Question

My child was nine months old when they experienced diarrhea. What effective medications can be used for treatment?

Answer

The treatment methods for pediatric diarrhea include:

  1. Dietary Therapy: Providing appropriate nutrition is crucial for promoting recovery, reducing weight loss and growth stasis, shortening recovery time, and preventing malnutrition. After diarrhea stops, continue to provide nutritious food and add a meal each day for two weeks to promote normal growth.

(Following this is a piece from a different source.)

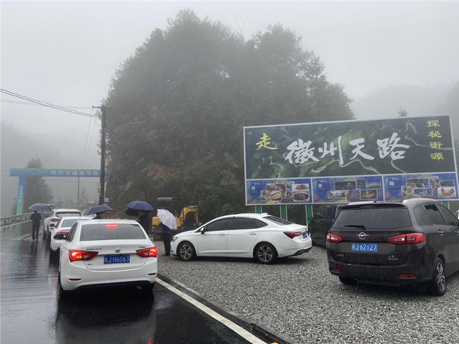 上午10點,抵達徽州天路海拔最高處的大峰尖山頂,天路名不虛傳,加之細雨綿綿,呈現出云霧繚繞,樹木、山峰若隱若現的情景,宛如瓊瑤仙境,員工們都不由得拿出手機,記錄沿途的神奇、美麗的風景。

For children with malnutrition or chronic diarrhea, the recovery period may require a longer time.
  2. Care: For infectious diarrhea, attention should be paid to disinfection and isolation. Monitor vomiting, defecation, and urination. Provide timely water or oral rehydration solutions, and control the rate of intravenous fluid administration. Strengthen eye care to prevent aspiration due to vomiting. Regularly turn the child to prevent secondary pneumonia.
  3. Infection Control: Viral enteritis is mainly treated with dietary therapy and supportive treatment; antimicrobial drugs are not needed. Acute enteritis caused by non-invasive bacteria is often self-limiting and can be cured with supportive therapy alone, but antimicrobial drugs are still needed for newborns, infants, weakened children, and severe patients. Invasive bacterial enteritis usually requires antibiotic treatment. For example, for infections caused by Escherichia coli, medications that can be used include gentamicin, pipemidic acid, norfloxacin, furazolidone, certain cephalosporins, combinated sulfamethoxazole (combinational new sulfamethoxazole), berberine, and ampicillin.